Dopo il Tavolo inaugurato due giorni fa con i sindacati, infatti, l'assessore ha inteso subito proseguire il percorso conoscitivo della realtà economica abruzzese.
Invito accolto favorevolmente dai rappresentanti delle varie categorie, che in numerosi hanno partecipato.
«Ringraziamo l'assessore Gatti - hanno dichiarato - per essersi premurato di incontrarci a pochi giorni dal suo insediamento. E sin da ora accogliamo il suo monito a far fronte comune per affrontare la grave crisi che colpisce la nostra regione. Una crisi che purtroppo non risparmia nessuno dei settori che rappresentiamo - hanno commentato - e che solo unendo le forze, forse, riusciremo ad arginare. Questi primi passi mossi dall'assessore - hanno aggiunto - sono sintomatici di un atteggiamento serio e responsabile e di un modus operandi che ci fa ben sperare».

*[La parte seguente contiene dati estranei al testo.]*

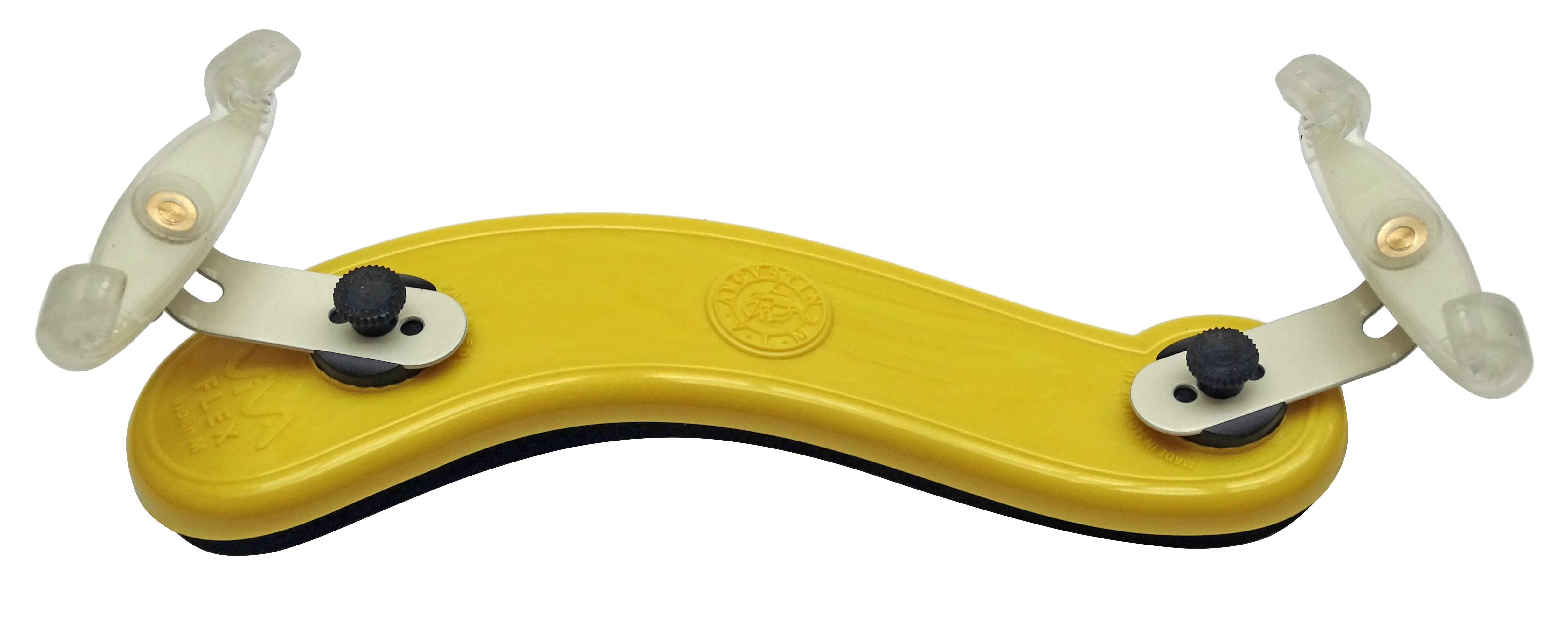 0 violin shoulder rest Viva Flex 80FMP6 - 1/4-1/2 violin shoulder rest with comfortable transparent shoulder support, with foldable white forks and swivel end members. Yellow

Ed è proprio sul metodo di lavoro che Gatti ha voluto porre l'accento.
«Il punto saliente è il metodo - ha infatti spiegato - cioè la comprensione da parte di tutti gli attori istituzionali e sociali e di tutta la classe dirigente abruzzese che per un anno o forse due abbiamo bisogno di una grande coesione, di chiarezza procedurale e di concertazione vera. Ho garantito ai sindacati la ricostituzione del Cicas per le crisi aziendali di settore - ha ribadito - ma occorre mettere in piedi uno strumento in più, una Task force che ci possa permettere di immaginare un futuro a più lunga gittata».

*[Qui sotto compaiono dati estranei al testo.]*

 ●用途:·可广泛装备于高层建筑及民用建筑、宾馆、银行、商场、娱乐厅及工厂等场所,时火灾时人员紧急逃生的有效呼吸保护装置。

Seppure in termini generali, molti sono stati gli argomenti sollevati, dalla legge regionale sull'artigianato al sistema impresa che vive di grandi ritardi, dagli ammortizzatori sociali all'apprendistato professionalizzante, dalla riduzione della spesa al settore costruzioni che ha visto scomparire oltre sette mila lavoratori e chiudere numerosi cantieri.
«Ho raccolto i primi spunti sulle reali condizioni che vivono i vari ambiti produttivi, e sugli strumenti operativi - ha riferito Gatti - e già dalla prossima settimana - ha anticipato - si comincerà a lavorare».
Presenti all'incontro le associazioni di categoria Confindustria, Api-Confapi, Cna, Confcommercio, Confesercenti,Coldiretti, Abi, Ania, Confagricoltura, Cia, Copagri,Confartigianato, Casartigiani, Claai, Cila, Acai, Ance.